--- Task directions ---
When you reach the line containing "抑郁症是影响全球人口的紧迫全球健康问题。截至 2015 年,全球受影响的人数已达到" in the records below, set it down exactly, together with every later line through the end, but not the pictures.

Excerpted data section start

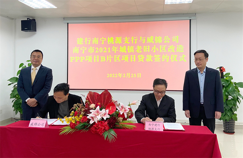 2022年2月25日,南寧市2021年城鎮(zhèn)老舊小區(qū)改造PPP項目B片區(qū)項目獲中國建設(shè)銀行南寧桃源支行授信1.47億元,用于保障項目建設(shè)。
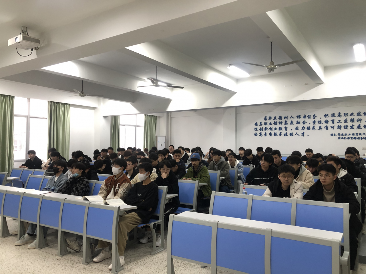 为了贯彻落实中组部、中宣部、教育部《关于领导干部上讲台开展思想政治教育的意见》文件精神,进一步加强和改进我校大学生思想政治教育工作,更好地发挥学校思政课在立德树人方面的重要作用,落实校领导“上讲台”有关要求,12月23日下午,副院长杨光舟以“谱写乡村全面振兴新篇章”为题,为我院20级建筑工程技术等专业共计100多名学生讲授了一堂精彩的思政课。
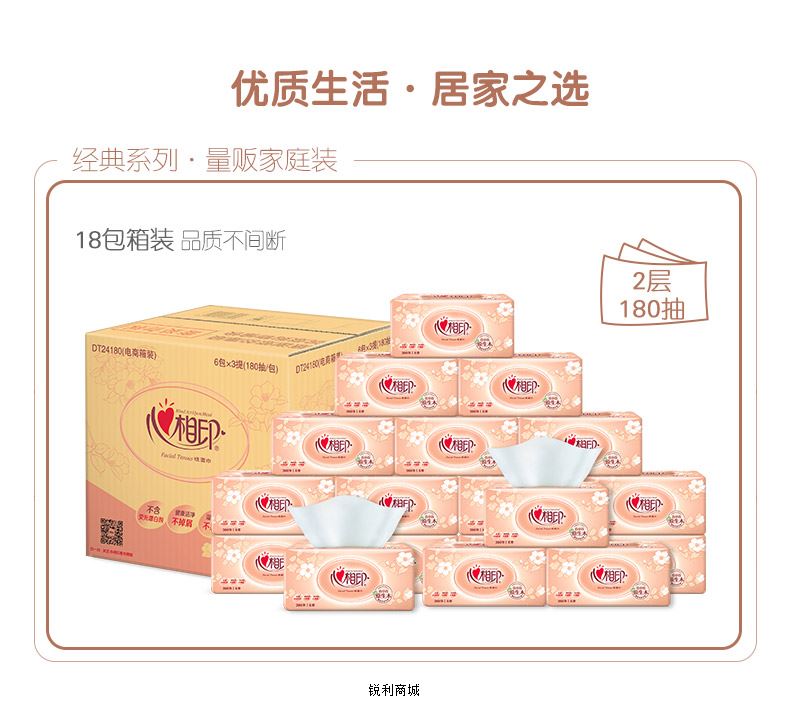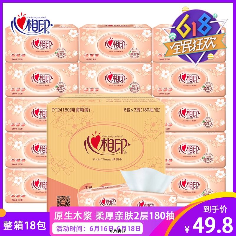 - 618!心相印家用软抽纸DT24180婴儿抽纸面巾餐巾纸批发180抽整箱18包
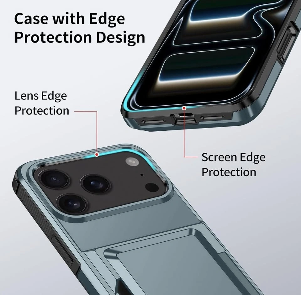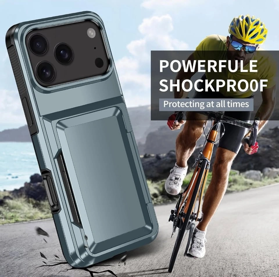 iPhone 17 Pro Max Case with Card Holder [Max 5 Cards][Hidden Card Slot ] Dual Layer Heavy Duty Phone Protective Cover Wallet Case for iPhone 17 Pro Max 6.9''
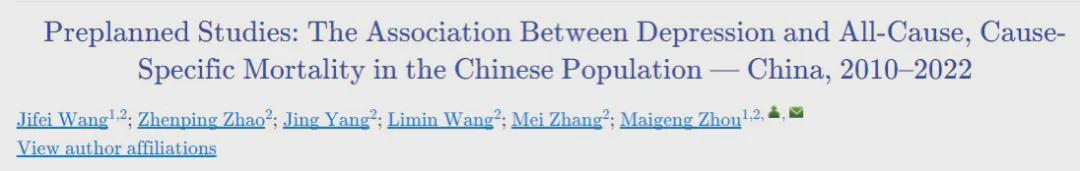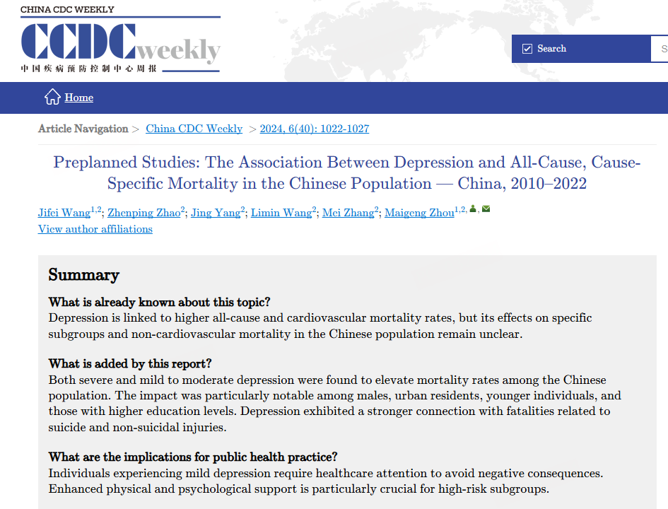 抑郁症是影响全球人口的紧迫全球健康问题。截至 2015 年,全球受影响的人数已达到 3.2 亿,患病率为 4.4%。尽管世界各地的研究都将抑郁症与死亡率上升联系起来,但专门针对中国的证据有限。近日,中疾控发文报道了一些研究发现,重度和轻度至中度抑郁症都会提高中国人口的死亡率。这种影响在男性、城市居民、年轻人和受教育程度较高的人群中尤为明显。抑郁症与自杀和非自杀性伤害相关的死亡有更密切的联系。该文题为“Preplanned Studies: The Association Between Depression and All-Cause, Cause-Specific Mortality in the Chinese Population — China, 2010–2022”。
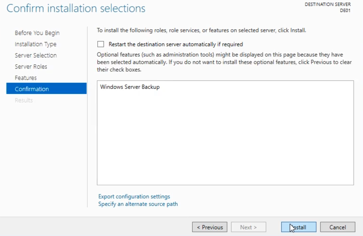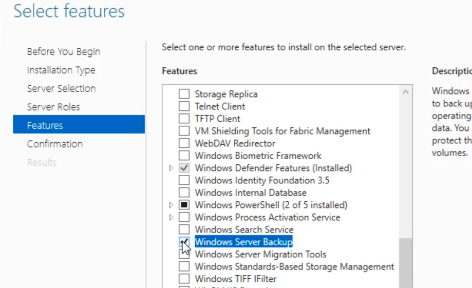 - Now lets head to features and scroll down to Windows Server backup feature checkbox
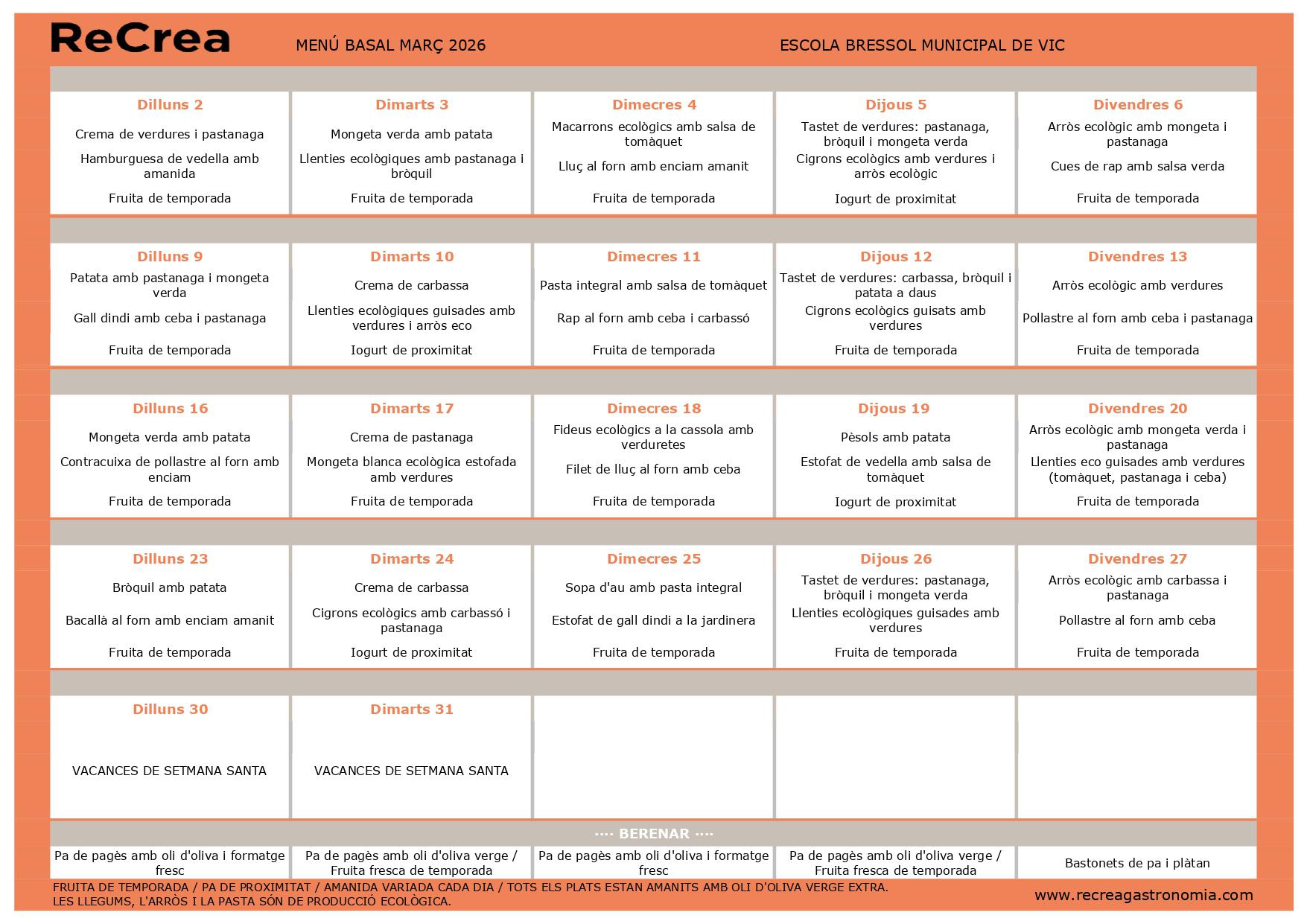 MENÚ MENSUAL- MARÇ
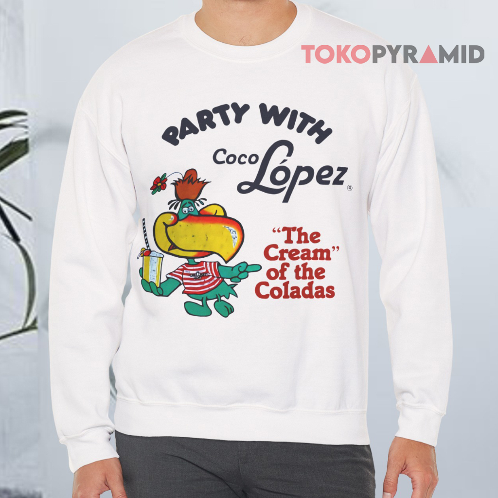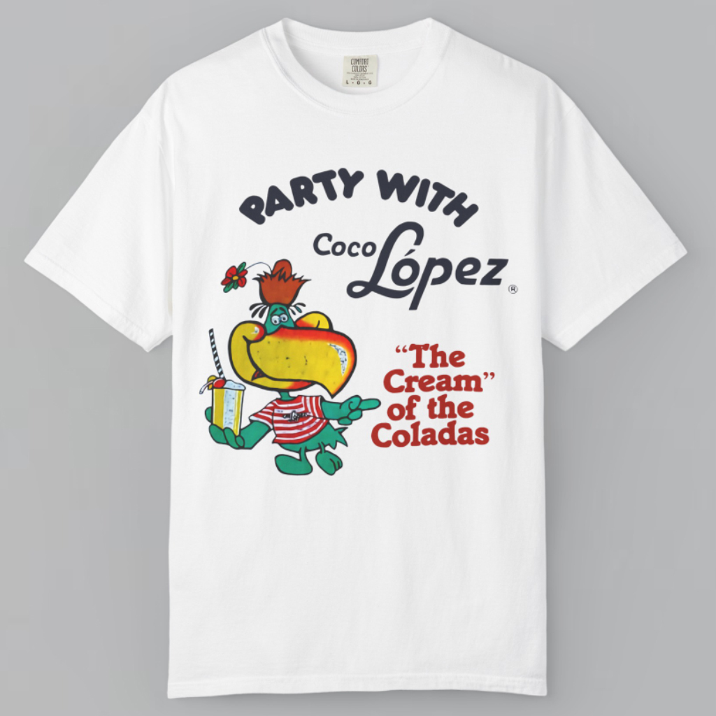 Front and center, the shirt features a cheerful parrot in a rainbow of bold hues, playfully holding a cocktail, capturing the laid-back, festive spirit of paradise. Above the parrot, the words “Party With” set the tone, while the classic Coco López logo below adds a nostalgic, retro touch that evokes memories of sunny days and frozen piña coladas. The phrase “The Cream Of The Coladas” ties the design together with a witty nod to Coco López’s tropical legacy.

Excerpted data section end

--- Output of the task ---
 抑郁症是影响全球人口的紧迫全球健康问题。截至 2015 年,全球受影响的人数已达到 3.2 亿,患病率为 4.4%。尽管世界各地的研究都将抑郁症与死亡率上升联系起来,但专门针对中国的证据有限。近日,中疾控发文报道了一些研究发现,重度和轻度至中度抑郁症都会提高中国人口的死亡率。这种影响在男性、城市居民、年轻人和受教育程度较高的人群中尤为明显。抑郁症与自杀和非自杀性伤害相关的死亡有更密切的联系。该文题为“Preplanned Studies: The Association Between Depression and All-Cause, Cause-Specific Mortality in the Chinese Population — China, 2010–2022”。
 - Now lets head to features and scroll down to Windows Server backup feature checkbox
 MENÚ MENSUAL- MARÇ
 Front and center, the shirt features a cheerful parrot in a rainbow of bold hues, playfully holding a cocktail, capturing the laid-back, festive spirit of paradise. Above the parrot, the words “Party With” set the tone, while the classic Coco López logo below adds a nostalgic, retro touch that evokes memories of sunny days and frozen piña coladas. The phrase “The Cream Of The Coladas” ties the design together with a witty nod to Coco López’s tropical legacy.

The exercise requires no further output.